The following will work to prepare such a state:

See the direct Quirk link.
Generalizing this to more than three qubits, say to prepare the uniform superposition of all $n$ qubits such that $q_n=q_1\oplus q_2\oplus\cdots\oplus q_{n-1}$, one would initially perform $n-1$ Hadamard gates on the first $n-1$ qubits, then separately have these perform a controlled-$X$ (controlled-NOT) on the $n$th qubit.
As to the other question about preparing uniform superpositions for other interesting states or interesting subsets of the $2^n$ computational basis elements, there are likely too many such circuits to be formally provided, even for small $n$! There are $2^{2^n}$ different boolean functions on $n$ bits.

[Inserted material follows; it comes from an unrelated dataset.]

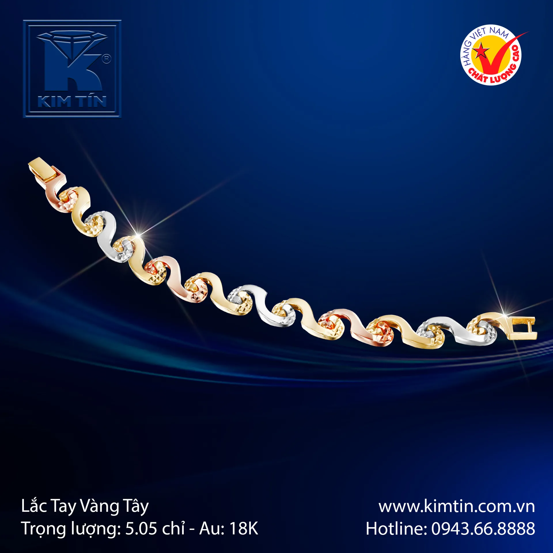 Được chế tác từ vàng tây 18K (Au 750) cao cấp, lắc tay nổi bật với thiết kế dáng uốn lượn mềm mại, tạo nên sự uyển chuyển và cuốn hút trong từng chi tiết. Sự kết hợp hoàn hảo giữa ba sắc vàng – vàng rực rỡ, trắng tinh khôi và hồng thời thượng – mang lại vẻ đẹp độc đáo, hiện đại và không kém phần sang trọng.

One approach you could always do is to prepare the uniform distribution over all $n$ qubits, calculate your function or equation of interest into an ancilla qubit, and measure the ancilla and post-select on getting the state of interest (e.g. to $|0\rangle$ or $|1\rangle$). The probability of successfully post-selecting depends on the properties of your function (e.g. how likely it is to be $|0\rangle$ or $|1\rangle$).
This would work for the "XOR state" in the original question - a fourth ancilla could store the result of the boolean test of whether $q_3=q_1\oplus q_2$, and measuring the ancilla and post-selecting upon getting $|1\rangle$ in the ancilla gives you the desired state on the other three qubits. You would get $|1\rangle$ 50% of the time. But, such a folk approach probably isn't written down anywhere formally.